We are creating a "smart home" library, which should have an entity for House, an entity for Room and an interface for a smart device. The user should be able to create an instance of a house, add an arbitrary number of rooms to it, implement the interface for smart devices and add any number of those to the rooms. The house should provide a possibility to generate reports from all devices in all the rooms, and the user must be able to interact with all the devices in all the rooms.

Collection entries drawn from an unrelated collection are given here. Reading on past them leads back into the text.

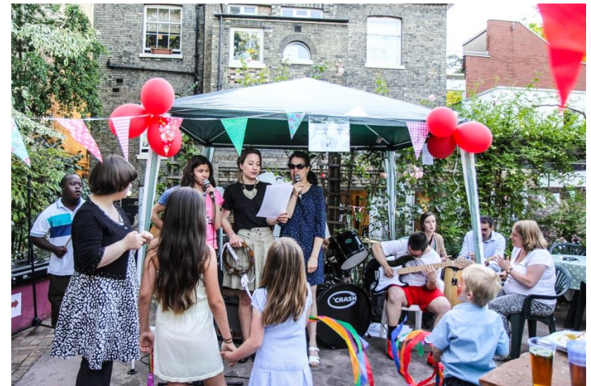
Service users perform with their band 'The 404 Stormers' at our Annual Summer Garden Party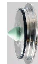
.1 Varivent-Cover Type N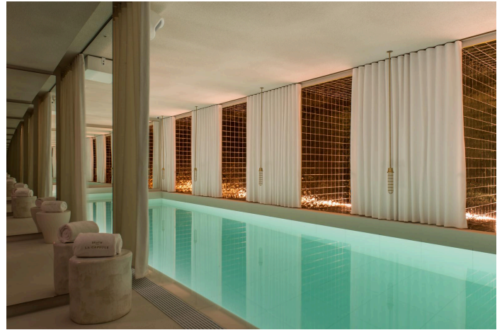
Design and tranquility converge. Find the flow in the striking indoor pool at Brach Madrid's exclusive La Capsule wellness area.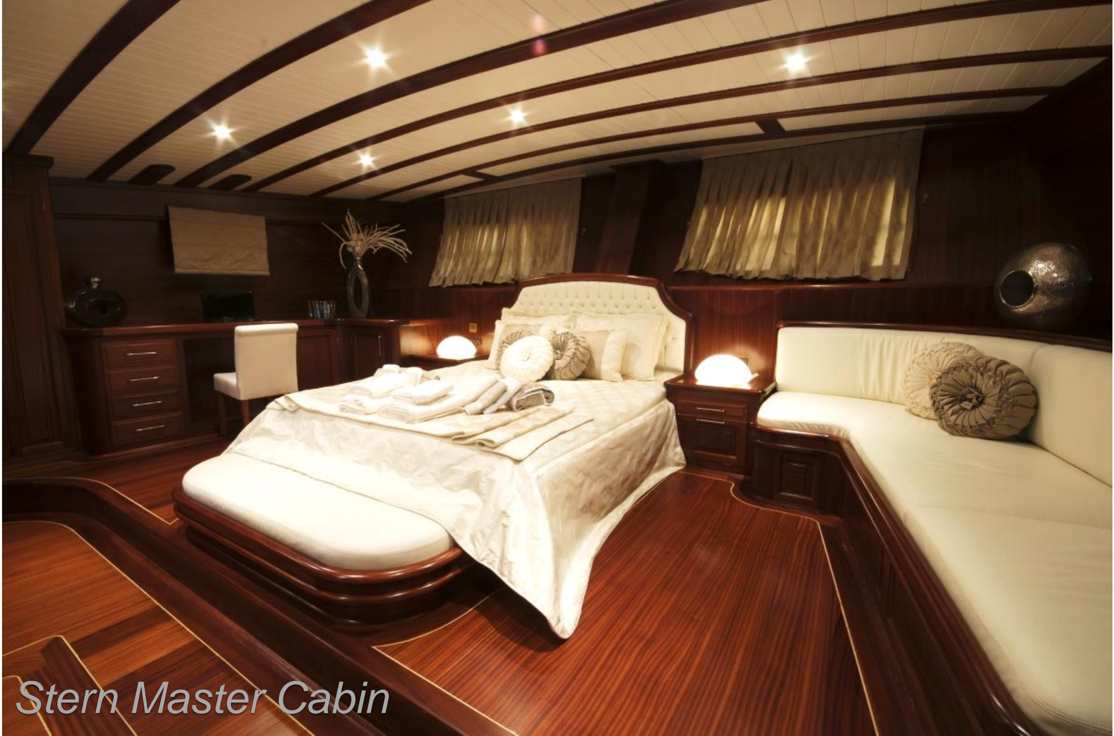
Stern Master Cabin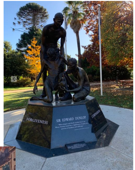
Seen on the way to Bendigo ... to keep to a slightly medical theme .... A Statue commemorating the work of Sir Edward Dunlop at the Benalla Gardens near the Benalla Art Gallery

Then an unexpected road trip, for two of us, to Bendigo to see the exhibition "Paris Impressions of life 1880 – 1925" was organised. We will let the images show how impressed we were.

My first approach was to make the House to store a vec of rooms, and then the rooms store vecs of devices

pub struct House<'a> {
    pub name: String,
    pub rooms: Vec<&'a Room<'a>>,

pub struct Room<'a> {
    pub name: String,
    pub devices: Vec<&'a dyn Device>,

pub trait Device: Named + Report {}

The problem with that approach is that when I implement the Device trait and add instances of those devices to the rooms, when I get them back, their type is unknown. I know it is possible to look at their TypeIDs and then cast them, but I don't want to do this just yet.

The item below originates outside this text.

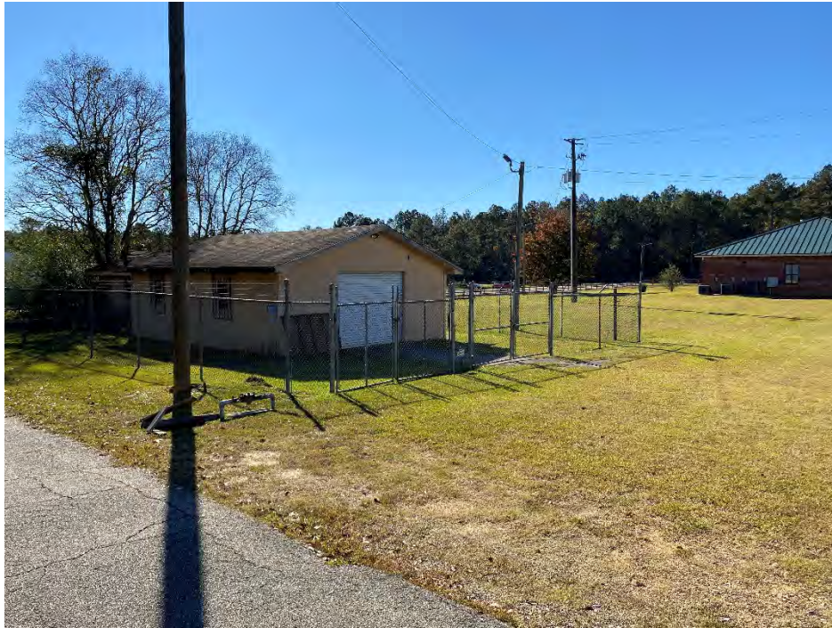
Photo 9: Support building on the eastern side of the Subject Property.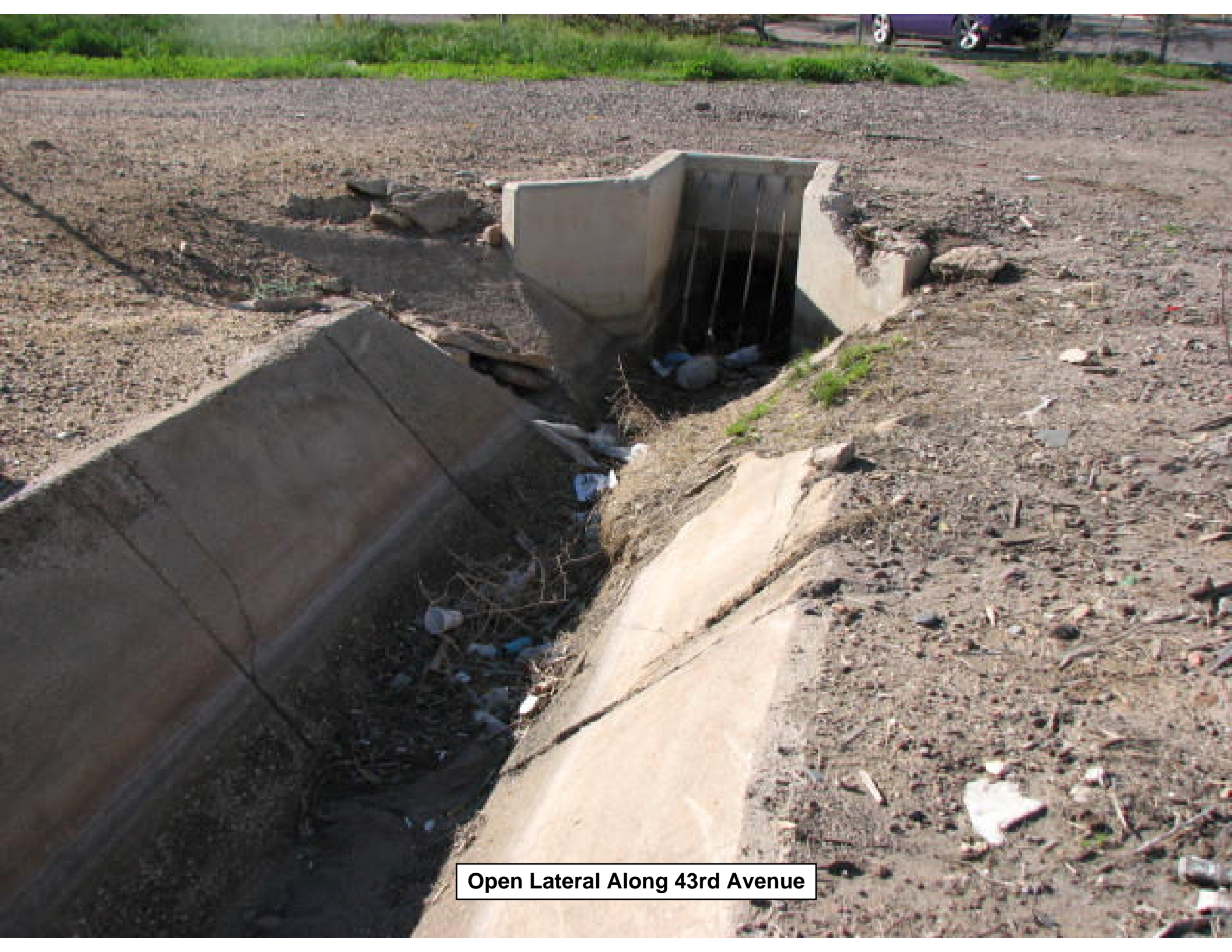
Open Lateral Along 43rd Avenue

Then I tried another approach:
Lets implement a DeviceStorage<T: Device>. Whenever you add a thing to it, it returns an UUID, and then you can store that UUID in a room. And then, when we want to generate a report, we will be able to pass all the device-specific storages to a house, the house will pass them down to the rooms, the rooms will filter the devices in those storages by the UUIDs those rooms hold and make the required reports. That way we will always know the type of those devices because they are stored in generic storages.

pub struct DeviceStorage<T: Device> {
    pub devices: HashMap<uuid::Uuid, T>,
    pub devices_by_name: HashMap<String, uuid::Uuid>,

impl<T: Device> DeviceStorage<T> {
    pub fn add(&mut self, device: T) -> uuid::Uuid {
        let s = uuid::Uuid::new_v4();
        self.devices_by_name.insert(, s);
        self.devices.insert(s, device);
    pub fn by_uuids(&self, uuids: &[uuid::Uuid]) -> Vec<&T> {
            .filter(move |(uuid, _)| uuids.contains(uuid))
            .map(|(_, socket)| socket)

fn main() {
    let mut sockets = p2::DeviceStorage::<PlugSocket>::new();
    let uuid1 = sockets.add(PlugSocket::new_grid_socket("one"));
    let uuid2 = sockets.add(PlugSocket::new_grid_socket("two"));

    let mut house = p2_locs::House::new("house of the rising sun");

Again, the next step in my plan was to put such device storages in a vector and pass them to the house to generate a report. However, the problem now is that I cannot make a vector of these device storage instances because they are of different types:

let my_vec: Vec<&DeviceStorage<&dyn Device>> = vec![&sockets, &thermos];
the trait bound `&dyn another_rust_thing::api::Device: another_rust_thing::api::Device` is not satisfied
the following other types implement trait `another_rust_thing::api::Device`:

Is there a proper approach for doing this (I mean, storing things in collections of collections and still keeping track of their types)? Or is there a proper way of declaring that vector of DeviceStorages that would work?

1 Like

You could define Room as follows:

pub struct Room {
    pub name: String,
    pub devices: Vec<Box<dyn Device>>,

That would allow different device types to exist in a single Vec as they would all be behind a Box pointer. The Room would also have ownership over the Devices, so there's no need for an explicit lifetime.


Yes, but whenever I get a device from that vector, I will not know whether it is a socket, a thermometer or anything else

Without going through Any, there's no way to recover the concrete type of a trait object. If you have a closed set of device types, you can use an enum instead.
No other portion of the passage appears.